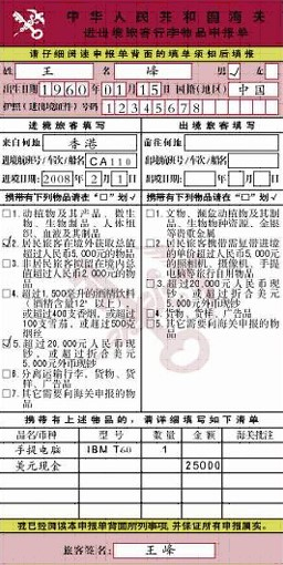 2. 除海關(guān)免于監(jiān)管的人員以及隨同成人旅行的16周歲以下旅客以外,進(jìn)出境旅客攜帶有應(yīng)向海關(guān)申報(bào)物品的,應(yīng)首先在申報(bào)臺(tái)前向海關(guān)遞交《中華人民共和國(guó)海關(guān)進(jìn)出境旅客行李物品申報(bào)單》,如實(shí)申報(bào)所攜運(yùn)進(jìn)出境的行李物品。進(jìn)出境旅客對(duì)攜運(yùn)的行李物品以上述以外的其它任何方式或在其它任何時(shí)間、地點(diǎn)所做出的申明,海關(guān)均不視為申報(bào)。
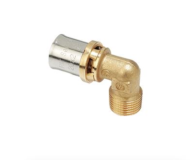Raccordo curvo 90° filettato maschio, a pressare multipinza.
...
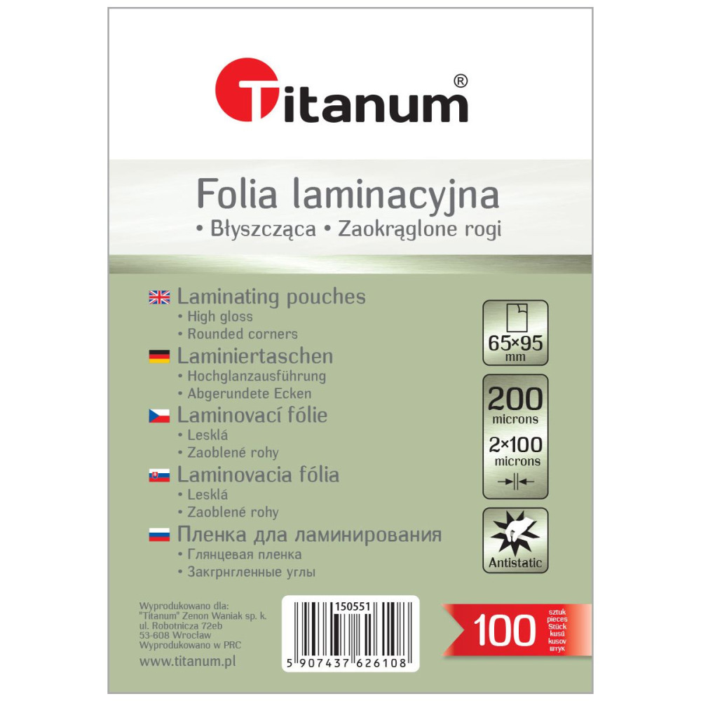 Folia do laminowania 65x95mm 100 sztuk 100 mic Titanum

**Task objective:**
Return word for word the lines of the listing above, starting at the line with "2. 除海關(guān)免于" and ending at the line with "Raccordo curvo 90°", both included. Pictures do not belong in the copy.

**Problem solution:**
 2. 除海關(guān)免于監(jiān)管的人員以及隨同成人旅行的16周歲以下旅客以外,進(jìn)出境旅客攜帶有應(yīng)向海關(guān)申報(bào)物品的,應(yīng)首先在申報(bào)臺(tái)前向海關(guān)遞交《中華人民共和國(guó)海關(guān)進(jìn)出境旅客行李物品申報(bào)單》,如實(shí)申報(bào)所攜運(yùn)進(jìn)出境的行李物品。進(jìn)出境旅客對(duì)攜運(yùn)的行李物品以上述以外的其它任何方式或在其它任何時(shí)間、地點(diǎn)所做出的申明,海關(guān)均不視為申報(bào)。
Raccordo curvo 90° filettato maschio, a pressare multipinza.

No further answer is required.